BofA Merrill Lynch has launched a new index to track the performance of debt instruments whose proceeds are specifically earmarked for climate change mitigation and adaptation, commonly known as green bonds.
The mechanism presently covers 51 bonds issued to 29 parties since 31 December 2010. But there is potential for many more to be added in the future, according to the bank's head of index research Phil Galdi.
"Currently, there are $31bn in qualifying green bonds in the index, but that may just be the tip of the iceberg," Galdi said.
The bonds have an average yield of 1.4pc and a mean effective duration of 5.39.
The scheme will include all historical green bonds and new securities which manage to keep the investment grade rating they were issued with for 18 consecutive months before reaching maturity, Merrill Lynch said.
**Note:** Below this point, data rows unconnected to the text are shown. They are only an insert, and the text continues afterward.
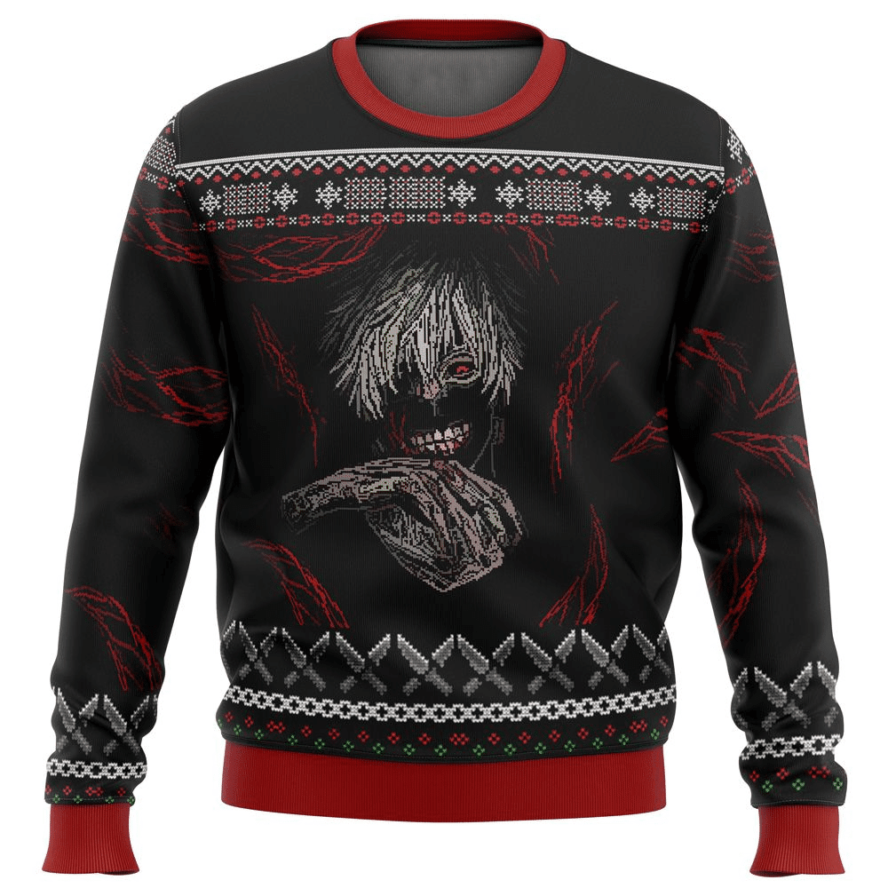 Get cozy and festive with our Ken Kaneki Tokyo Ghoul Ugly Christmas Sweater! Made with a premium blend of 95% Polyester and 5% Spandex for a soft, stretchy, and breathable fit. Stand out at holiday gatherings with bold, vivid, and fade-resistant designs. Its not just a sweater; its a statement piece that keeps the holiday spirit alive! Perfect for ugly sweater parties, Christmas events, family photos, or as a fun holiday gift that brings comfort, laughter, and cheer.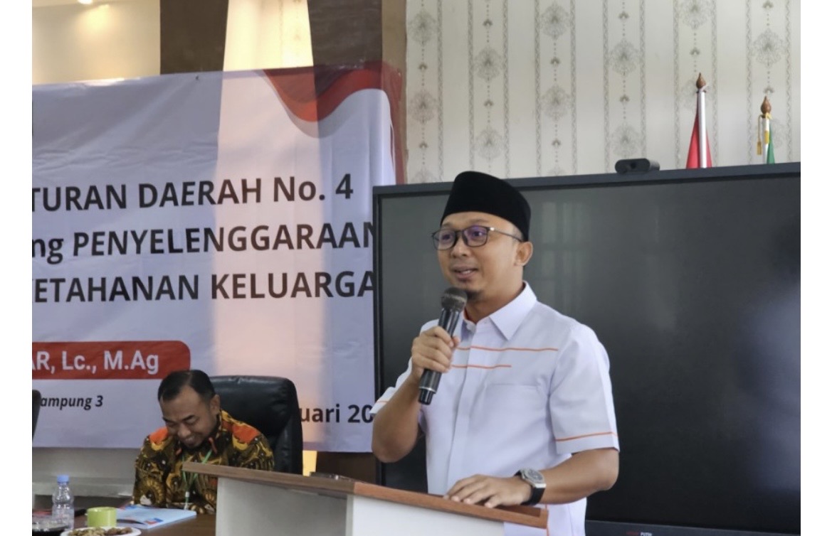 Axelerasi.Id – Anggota DPRD Provinsi Lampung Dapil III (Metro, Pesawaran, Pringsewu), M. Syukron Muchtar, menegaskan pentingnya penguatan ketahanan keluarga sebagai fondasi membangun masyarakat yang kuat. Hal itu disampaikannya saat Sosialisasi Perda Nomor 4 Tahun 2018 tentang Penyelenggaraan Pembangunan Ketahanan Keluarga di Aula SMK Muhammadiyah Metro Timur, Sabtu (24/1).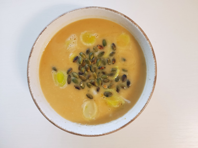 Обед тыквенный суп и хлеб свой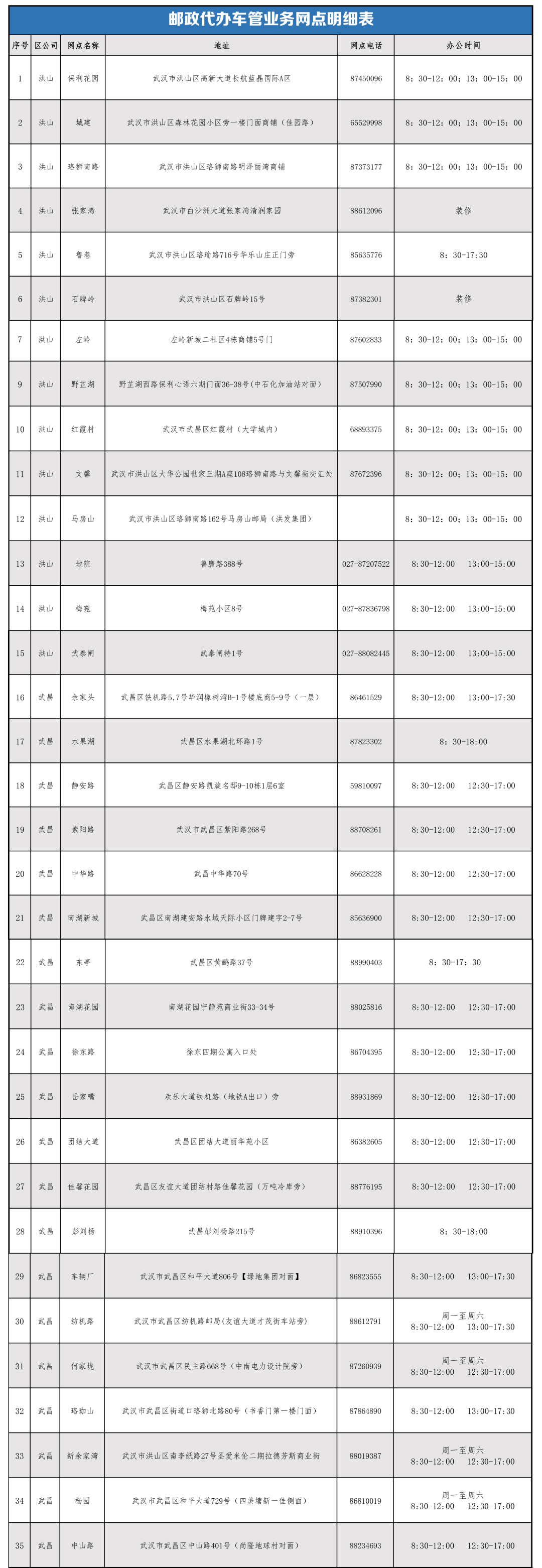 1、武汉市152个邮政网点。(滑动下方图片查看全部)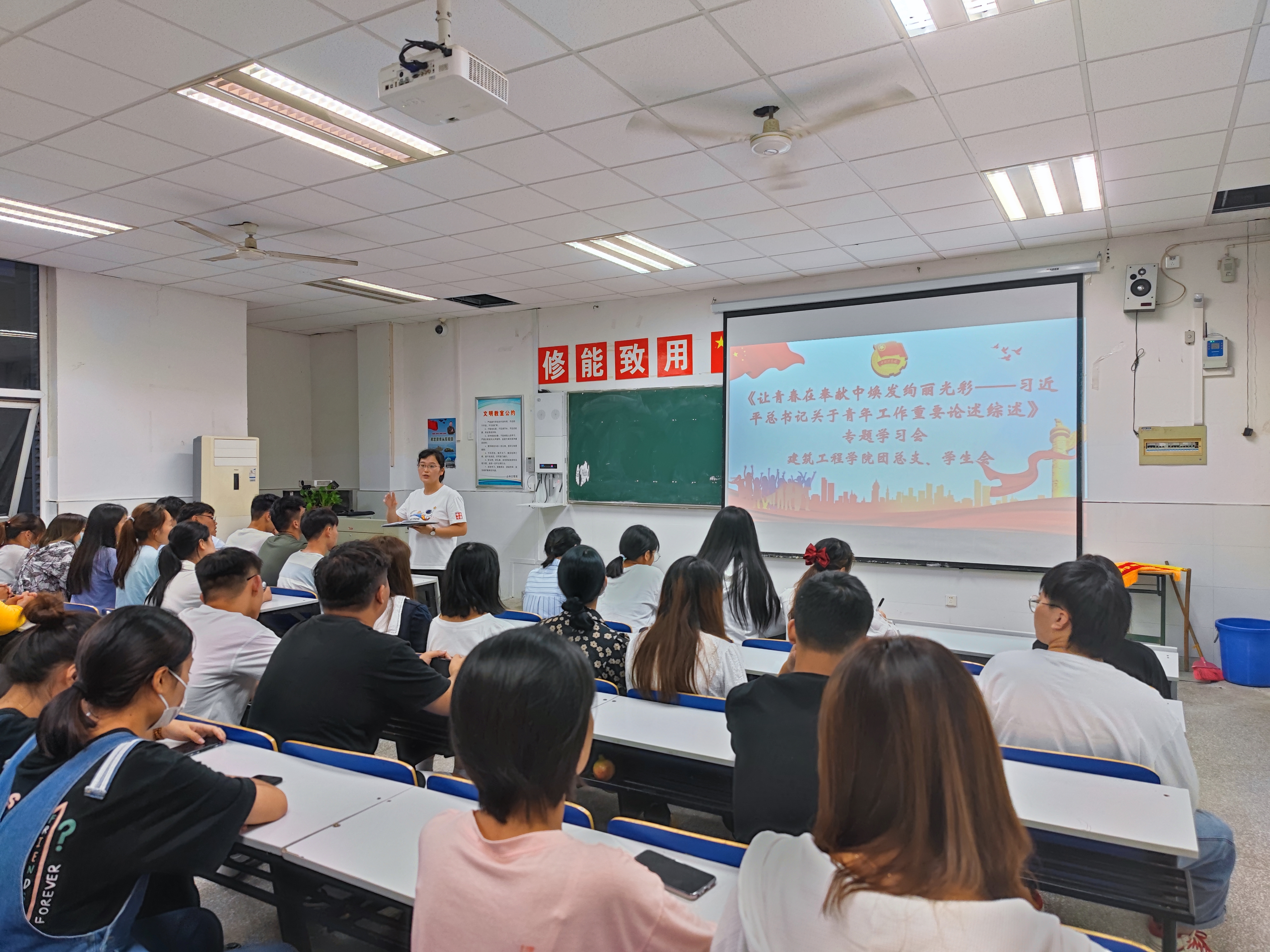 在党史学习教育的重要时刻,五四青年节当天,人民日报刊发了《让青春在奉献中焕发绚丽光彩--习近平总书记关于青年工作重要论述综述》理论文章,此文一经刊发,即在建工青年中引发热议。9月7日,建筑工程学院团总支、学生会组织学生干部及学生代表召开专题学习会,再次深入学习“习近平总书记关于青年工作重要论述综述”。学习会由学院团总支书记谭康慧主持。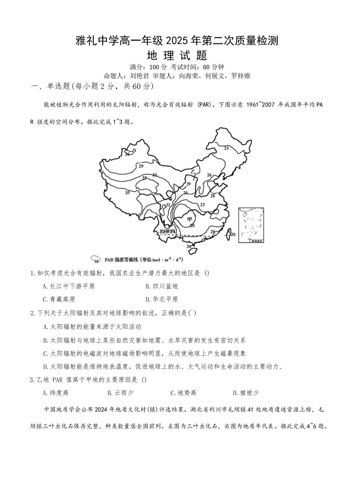 高一地理--湖南省长沙市雅礼中学2025-2026学年高一上学期第二次质量检测
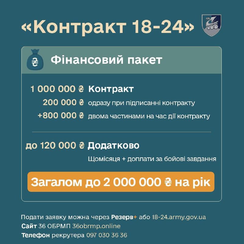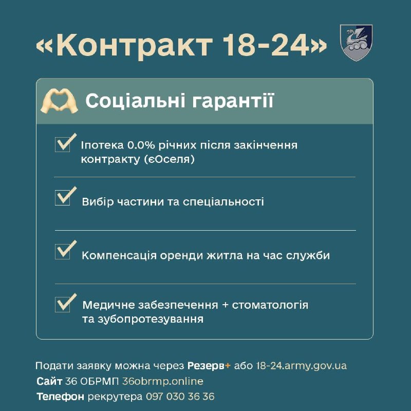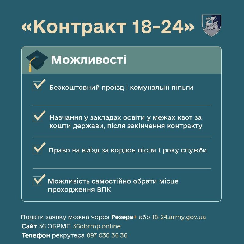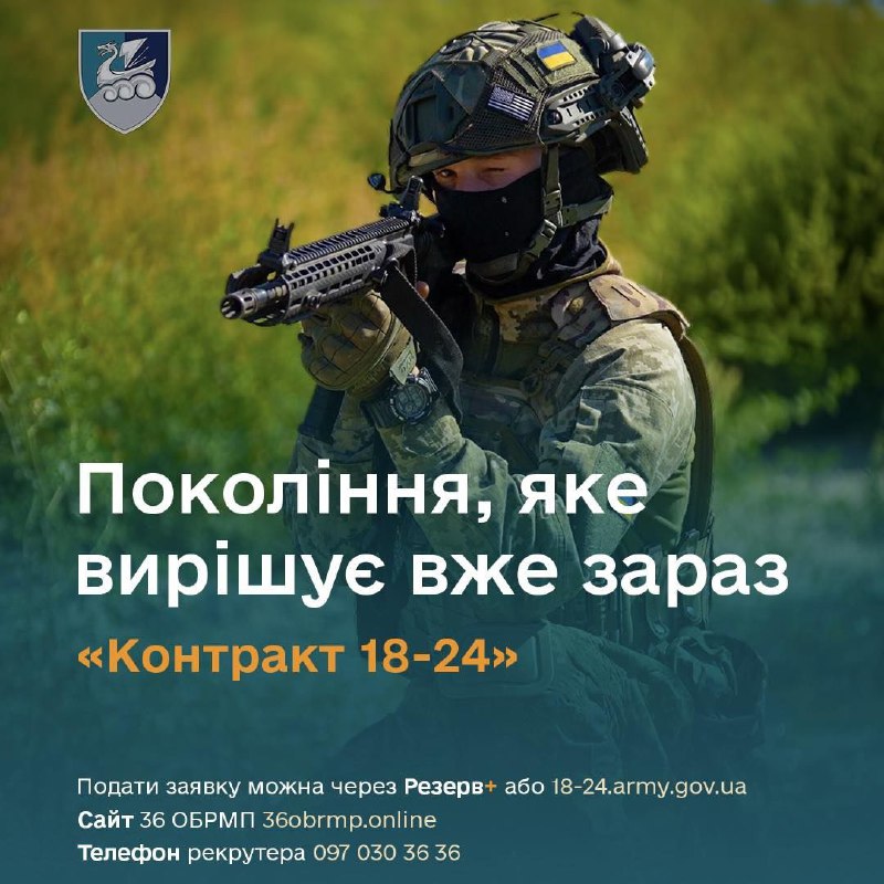 🔱 Долучайся до морпіхів 36-ї ОБрМП у межах державної програми “Контракт 18–24”. 3.10.2025, П’ятниця | 18:18 Автор допису: Херсонська обласна військова адміністрація 🔱 Долучайся до морпіхів 36-ї ОБрМП у межах державної програми "Контракт 18–24". Це добровільна ініціатива для молодих рекрутів, яка дозволяє отримати конкурентні виплати, престижний досвід та соціальні гарантії від держави. На інфографіці — усі можливості, які відкриває служба за програмою у складі підрозділу миколаївських морпіхів. 👉 Подавай заявку на сайті 18-24.army.gov.ua чи в застосунку Резерв+ або звертайся за телефоном 0970303636. Джерело Друк / PDF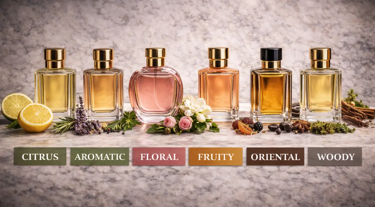 Os cítricos e os florais aquáticos são as famílias mais universalmente bem recebidas — funcionam em diferentes tipos de pele, climas e contextos. Para quem está começando na perfumaria e não quer correr riscos, essas são as famílias mais seguras como ponto de partida.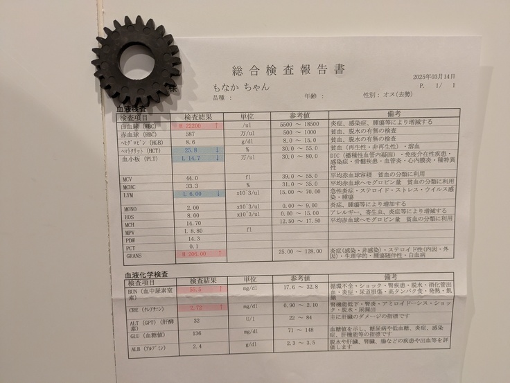 腎臓は腎不全とかの悪い段階ではなく点滴にて脱水解消すれば。。ということで点滴をいただいてきました。

The bank has also set a minimum threshold for the size of bonds the programme will contain for different currencies — the caps stand at $250mn, £100mn and €250mn, for US dollars, pounds sterling and euros, respectively.
Composition of the index will be reviewed on a monthly basis, the US firm said.
The issuance of green bonds has been increasing rapidly in recent years. Over $26.5bn of bonds has been released globally in 2014 so far, and German state-owned development bank KfW predicts a further $116bn will enter the market before the end of 2015.
The International Energy Agency (IEA) in June estimated that by 2035 developments in power generation must attract investment of $10.5 trillion and research into low-carbon, renewable technologies capitalisation in excess of $5.8 trillion for the world's future energy supply to remain sustainable.